Abdullah Avcı, karşılaşma sonrasında düzenlenen basın toplantısına elindeki kağıttan 5 madde okuyarak başladı.
İlk madde olarak Anneler Günü'nü kutlayan ve Galatasaraylı Emre Akbaba'ya geçmiş olsun dileklerini ileten Avcı, şu ifadeleri kullandı:
"Madde iki, ülkedeki kısır döngü. Biz bu ülkede futbol konuştuğumuzu zannediyoruz ama futbolun evrensel boyutta ifade ettiği hiçbir şeyi özümsemiyoruz. Müthiş bir genç nüfusumuz, geniş bir yetenek havuzu olan ülkemizde futbol adına konuşulan şeyleri, hakem hataları, bazı takımlar kollanıyor gibi konularla sınırlı kalması bizi maalesef bir adım öteye götürmüyor. Madde üç adaletsizlik inancına tutsak oluş. Sorun hayatın adil olmayışı değil, adaletsizliğe dair inancımızın bizi tutsak etmesi. Yıllardır aynı kısır döngüde dönüyoruz, kim kollandı, kim kayırıldı, kimin hakkı yendi... Biz futbolu bu şekilde okumaya devam ettiğimiz sürece Ajax'ın başarılarını, Tottenham'ı, Liverpool-Barcelona ve City-Tottenham maçı gibi şeylere uzaktan bakmaya devam edeceğiz. Artık gerçekten yeter. Bir laf var, haksızlık yapanın sefaleti, haksızlığa uğrayanın sefaletinden daha büyüktür. Varsa ortada bir haksızlık bırakın onu sonucunu yapan düşünsün."
Avcı, son iki konu başlığıyla ilgili olarak ise "Madde dört. Benim için bu zamana kadar olduğu gibi sahanın içi. Antrenörlük hayatımın her saniyesinde futbolda nasıl daha iyi oluruz, kalıcı sistemleri nasıl kurarız bunun mücadelesini verdim. İyi bir yetiştirici olmaya gayret gösterdim. Hayatım boyunca sahanın içiyle uğraştım. Neyi başaracaksak sahanın içinde başaracağımızı, neyi kaybedeceksek sahanın içinde kaybedeceğimizi bilirim ve ona göre davranırım. Son madde, ben inadına futbol konuşmaya devam edeceğim. Bu ülkede kimse eleştiriden muaf değildir. Biz işaret parmağımızla başkasını gösterirken aslında diğer üç parmak kendinizi gösterir. Artık bu ülkede herkes sebebi başkalarında aramayı bırakıp kendisine bakmayı öğrenmeli. O nedenle ben enerjimi bu ülkede daha iyi futbol nasıl oynanır ona harcamaya devam edeceğim. Çünkü biz bu ülkede futbolu dünyada rekabet edebilir seviyeye getireceksek bunu çalışarak, sistem kurarak, bilimden faydalanarak yapabiliriz, başka bir şeyle değil." görüşlerini paylaştı.

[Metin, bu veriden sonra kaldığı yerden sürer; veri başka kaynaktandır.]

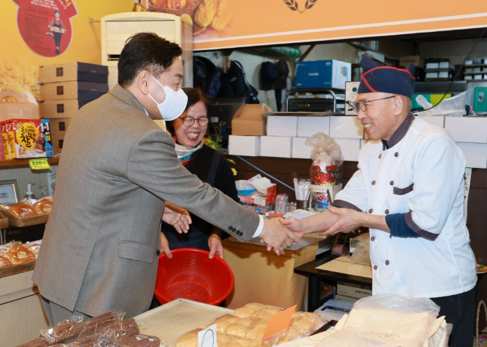 | ▲ 전북특별자치도가 내수 침체 장기화로 어려움을 겪고 있는 도내 소상공인과 자영업자 등을 지원하기 위해 ‘착한 선결제 캠페인’을 2월 28일까지 추진하는 가운데 14일 김관영 도지사가 착한가격업소로 지정된 전주 빵굽는나라에서 착한 선결제 및 재방문 약속하고 있다 |
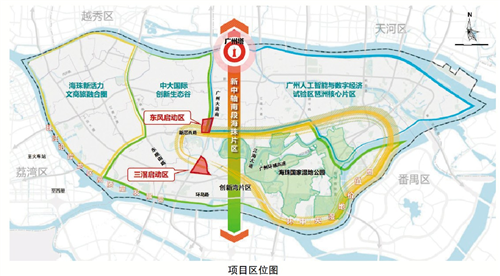 两个启动区位置绝佳,毗邻海珠湿地和海珠湖,广州大道南从两个起步区中穿过,改造范围内有地铁11号线以及规划中的地铁26号线。
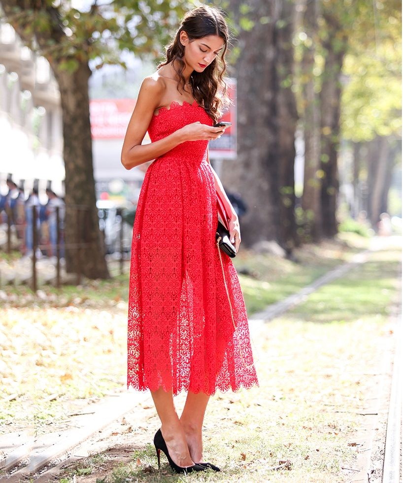 En rød kjole er det motsatte av en svart kjole - den vil få deg til å skille deg ut i mengden. Folk vil stirre på oss med begeistring og beundring. Tross alt vil ingen mann savne oss.

Elindeki notları okuduktan sonra, MKE Ankaragücü maçına da değinen Avcı, "Son zamanlarda dalgalı bir süreç yaşadık, inişler-çıkışlar futbolun içinde olan şeyler ama Başakşehir, bu sezon 32 haftadır harika giden başarılı olan bir takımdır. Bugün yaşadığımız süreçten topa sahip olacağımızı biliyorduk ama ilk gelen top gol oldu. Bazen günü, bazen haftayı planlarsın. Bugün böyle bir strateji vardı 5 oyuncunun değiştiği, oyuncular sonucunda geri dönüş yaptılar. 33. hafta aynı puanla ülkenin de çok merak ettiği bir final müsabakasına bugünden itibaren yüksek moralle hazırlanmaya başlayacağız." şeklinde konuştu.

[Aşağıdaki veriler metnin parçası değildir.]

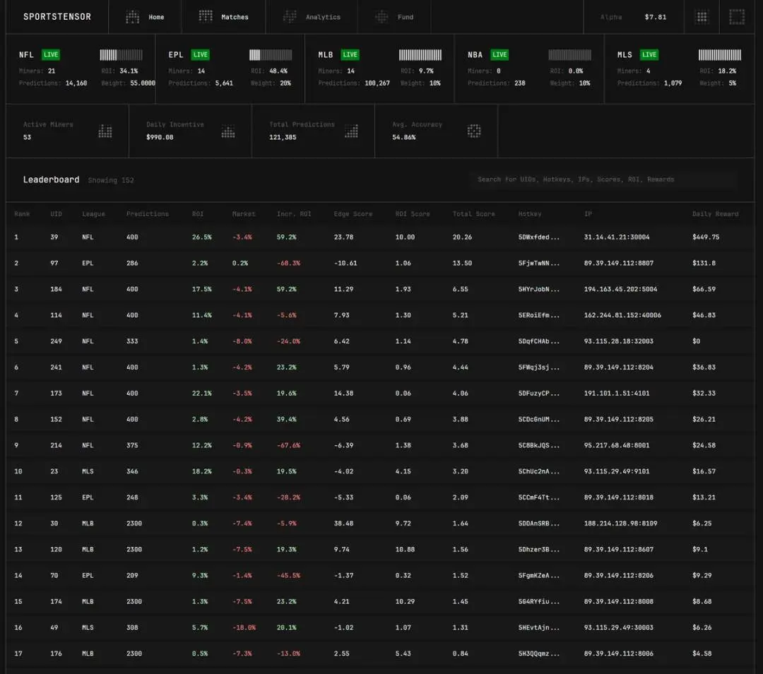 这是一个专注于「击败市场赔率」的子网,旨在挖掘全球体育博彩市场中的「优势机会」。这是一场持续性竞赛:机器学习工程师需部署模型,预测美国职业棒球大联盟(MLB)、美国职业足球大联盟(MLS)、英格兰足球超级联赛(EPL)、美国职业篮球联赛(NBA)等主流体育联赛的赛事结果,能实现盈利的「最佳模型」将获得 SN41 Sportstensor 阿尔法代币奖励。

Avcı, gelecek hafta Galatasaray ile deplasmanda oynayacakları karşılaşmayla ilgili olarak ise şu değerlendirmede bulundu:
"En iyi şekilde zihinsel, fiziksel ve taktiksel şekilde hazırlanacağız. Biraz önce konuştuklarımdan da Allah bu ülkede onların da yardımcısı olsun. Biz oyun olarak hiçbir zaman kaybetmedik. 5 senedir gelişen bir takımız. Bazen çok iyi oynarsın ama rakip gol atar. Bizim oyunumuz her zaman herkesin saygısını kazanan ve gelişen bir oyun. Bugün ligin tüm istatistiğini çıkarırsan her alanda biz oyunda kaybetmedik, kazanmaya devam edeceğiz. Kazanmak için bunu geçen sene 33. haftada Galatasaray ile oynadığımız maçtan sonra da söylemiştim, kazanmak için her yol mübah değildir. Bugün herkes şampiyonluk için uğraşabilir. Kazanırsın kaybedersin iki gün konuşulur. Benim için önce sahanın içi. Buna en iyi şekilde hazırlanacağız ama bu durumlarda özellikle sahanın dışı da vardır. Bugün itibarıyla çok net söylüyorum, gelen hakemler veya kurullar koridorlara da kulübelere de umarım hakim olurlar. Bunu başkaları söyleyemiyor, net şekilde bilmelerine rağmen ama ben söylüyorum. Umarım topun oyunda kaldığı, iyi oyunlar olduğu, fair play ruhunda bir maç olur. Kazanmak için gideceğiz, kazanmak için sahanın içindeki her türlü oyunu deneyeceğiz."
Son haftalarda yaşanan olayların kendisine bu konuşmayı yaptırdığının altını çizen deneyimli teknik adam, "Son iki senedir şampiyonluğa oynuyoruz. Geçen sene 34 hafta yarışın içindeydik. Bu sene başlarken de açıkladık, 33. hafta bir final maçı oynayacağız ve bunun neticesini umarım alacağız. 1979'dan itibaren futbolun içindeyim, Türk futbolu adına gördüğüm, duygularımı ifade ettiğim bir durumdur. Belki benden başka bir şey bekliyorsunuz, ben de çatışayım. Çatışma ile kimse bir yere gelemez, herkes de çatışıyor. Kazansak da kaybetsek de iki gün konuşulacak. İnsanlara doğru mesajlar vermemiz gerekiyor. Bu bir oyun, kazanmak istiyoruz ama sahada kazananı tebrik ederiz. Kaybettiğimiz zaman da saygı gösteririz." sözlerine yer verdi.
Karşılaşmanın 83. dakikasında sakatlanarak oyundan çıkan Emre Belözoğlu'nun durumunun sorulması üzerine ise Abdullah Avcı, "Emre'nin durumunu yarın sabah öğreneceğiz, arka adalesini tutarak çıktı. MR'ı çekilecek umarım bizimle haftaya beraber olabilir. Türk futbolunun en büyük oyuncusu, hayatı tamamen futbola odaklı. Benim için de öyle bir oyuncu ile çalışmak çok büyük bir şans." açıklamasını yaptı.